Records provided below:

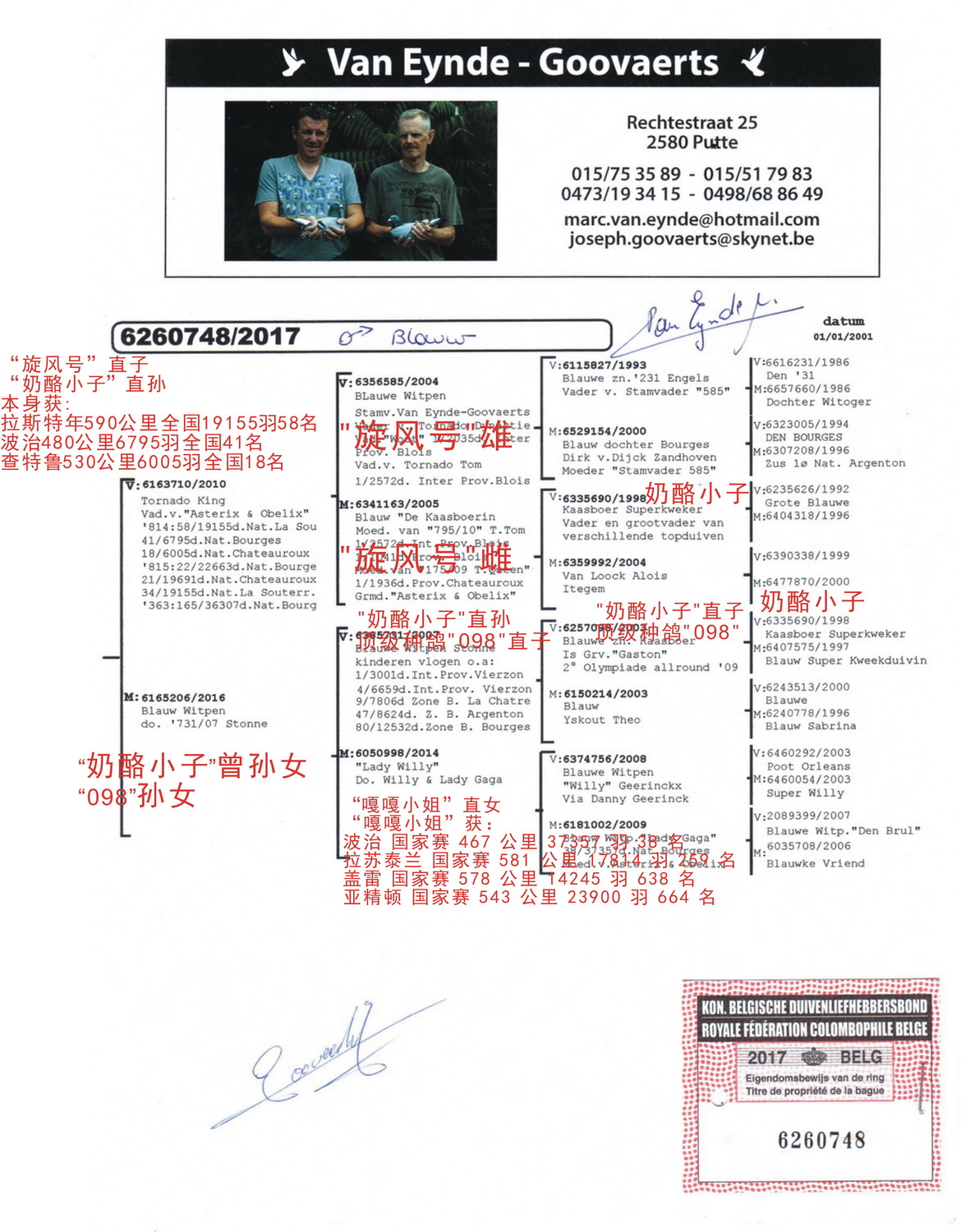 “旋风号”配对雌鸽,历史上最佳配对之一!
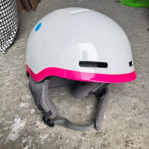 Hjelm i barnestr small/medium selges, til slalåm/snowboard/skøyter. Øreflapper som holder ørene varme.
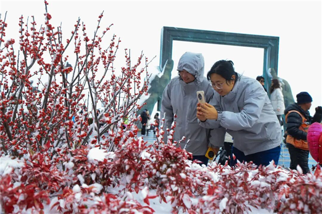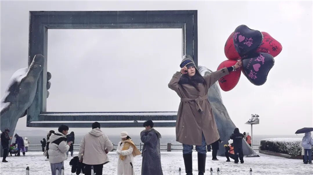 在威海公园的大相框前,记者随机采访几位游客,得到的答案一个比一个“有距离感”。这些远道而来的客人,早早就盯着天气预报做足了功课,把“威海看雪”列入了冬日旅行的必打卡清单。“出发前天天刷天气,生怕雪下小了或者提前停了,现在看来,真的不虚此行!”来自浙江的游客于庆男和朋友刚下高铁,手里还拎着行李箱,就直奔大相框而来。
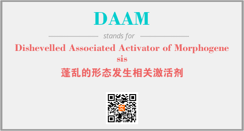 上述内容是“Dishevelled Associated Activator of Morphogenesis”作为“DAAM”的缩写,解释为“蓬乱的形态发生相关激活剂”时的信息,以及英文缩略词DAAM所代表的英文单词,其对应的中文拼音、详细解释以及在英文中的流行度和相关分类、应用领域及应用示例等。
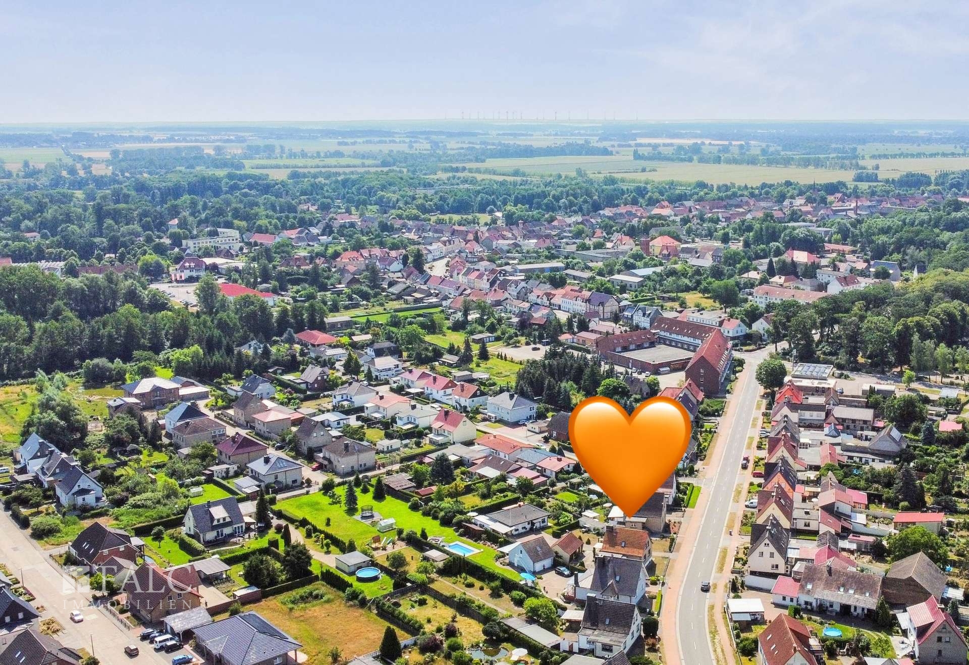 Die Einheitsgemeinde Stadt Kalbe (Milde) – Natur pur! Die Kurstadt Kalbe ist ein staatlich anerkannter Erholungsort mitten im Herzen der Altmark, er lädt förmlich zu einer Auszeit ein – fernab vom Großstadtstress. Auf halber Strecke zwischen Hamburg und Leipzig prägt ein Flüsschen die Landschaft, das seinen Namen zu Recht verdient: die Milde. Sie hat ein sanftmütiges Fleckchen Erde mit Wiesen und Wäldern geformt. Das ruhige Städtchen wird von der Milde regelrecht umarmt. Sie hat Kalbe den Beinamen „Stadt der 100 Brücken“ verliehen. Der Kurort mit seinen ca. 7.400 Einwohnern liegt im Altmarkkreis Salzwedel im Norden Sachsen-Anhalts, westlich gelegen von Stendal und verfügt über eine Infrastruktur, die Ihnen alles zum Leben bietet. In der mehr als 1000 Jahre alten Stadt finden Sie u.a. verschiedene Versorgungs- und Einkaufsmöglichkeiten, gastronomische Angebote, ein Freibad, Ärzte, Apotheken, Friseure, einen weitläufigen Kurpark, ein Kulturhaus inklusive einer Bibliothek, einen großen Buchsbaumgarten mit einem Schloss, ein Museum, Schulen und Kindergärten. Auch interessant, die Künstlerstadt Kalbe ist ein junges und innovatives Kulturprojekt. Ältere Gebäude werden zu Ateliers und Wohnräumen für junge Künstler aus der ganzen Welt. 2 mal jährlich lädt die Stadt die Studierenden ein, die anschließend im Rahmen eines Stipendiums in der Mildestadt leben. Das Haus befindet sich im Nordwesten der Stadt, unweit vom Objekt verkehrt zudem regelmäßig eine Buslinie. Die Hansestädte Salzwedel und Stendal sind ca. eine halbe Stunde mit dem Auto entfernt und verfügen unter anderem jeweils über weitere Einkaufsmöglichkeiten, ein Kino, einen Tierpark, weiterführende Schulen sowie einen größeren Bahnhof, von wo aus Sie schnell in Großstädte wie Berlin, Hannover oder Hamburg gelangen. Der Luftkurort Arendsee, ebenfalls ca. eine halbe Stunde entfernt, lädt Sie vor allem im Sommer zum Baden im gleichnamigen See oder aber auch zu jeder anderen Jahreszeit zum Wandern um den schönen See ein. In den Dörfern und in der näheren Umgebung der Stadt können Sie viele Sehenswürdigkeiten entdecken und finden eine noch unberührte Natur zum Verweilen, ausgiebigen Spaziergängen oder zu Fahrradtouren auf dem Milde-Biese-Aland Rundweg vor. Zusammengefasst bietet Ihnen die Lage des hübschen Kurortes den perfekten Mix aus Infrastruktur und bei Bedarf absoluter Ruhe gepaart mit herrlichen Landschaften. Überzeugen Sie sich selbst!
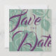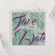Diese Save the Date Card bietet einen eleganten, übergroßen, pflaumenfarbenen Schriftart mit durchsichtigen Hintergrundschichten von grünen Rose und grünen und rosa Streifen. Alle Exemplare sind editierbar, klicken Sie auf die Schaltfläche Personalisieren, um dies zu Ihrem eigenen zu machen, genießen!
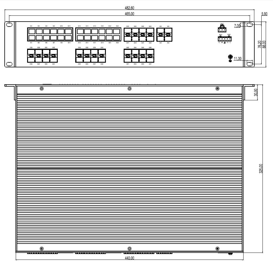 | 机械结构 | 外壳 金属材质 散热方式 自然冷却,无风扇 防护等级 IP40 尺寸 482.6mm×88mm×325mm(W×H×D) 重量 10.5kg 安装方式 19英寸2U机架式 |
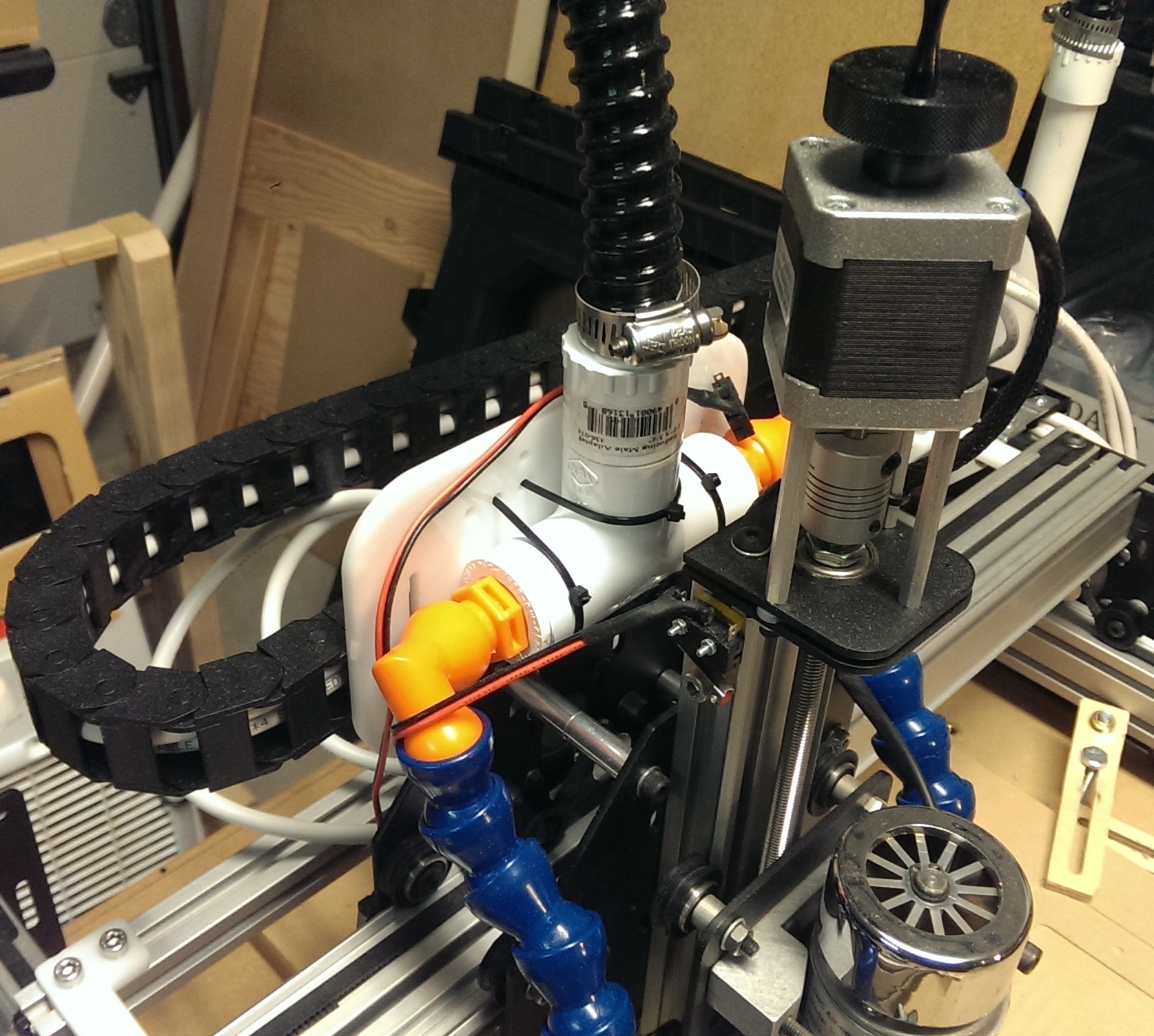 The PVC pipe tee on the X-carriage connects to a piece of corrugated hose, which connects to a tall piece of pipe bracketed to the side of the cart. That goes all the way down to the foot of the cart and to an adapter that my shop-vac’s hose can plug right into. It works great! The only thing I would change would be to use larger diameter PVC pipe – the shop vac sounds like it’s struggling a bit due to the constriction of the current setup.

End of Records provided.

### Exercise brief
Above are records; write out the lines from the one with "Diese Save the" down to the one with "安装方式 19英寸2U机架式 |", exactly, leaving the pictures out.

### Response
Diese Save the Date Card bietet einen eleganten, übergroßen, pflaumenfarbenen Schriftart mit durchsichtigen Hintergrundschichten von grünen Rose und grünen und rosa Streifen. Alle Exemplare sind editierbar, klicken Sie auf die Schaltfläche Personalisieren, um dies zu Ihrem eigenen zu machen, genießen!
 | 机械结构 | 外壳 金属材质 散热方式 自然冷却,无风扇 防护等级 IP40 尺寸 482.6mm×88mm×325mm(W×H×D) 重量 10.5kg 安装方式 19英寸2U机架式 |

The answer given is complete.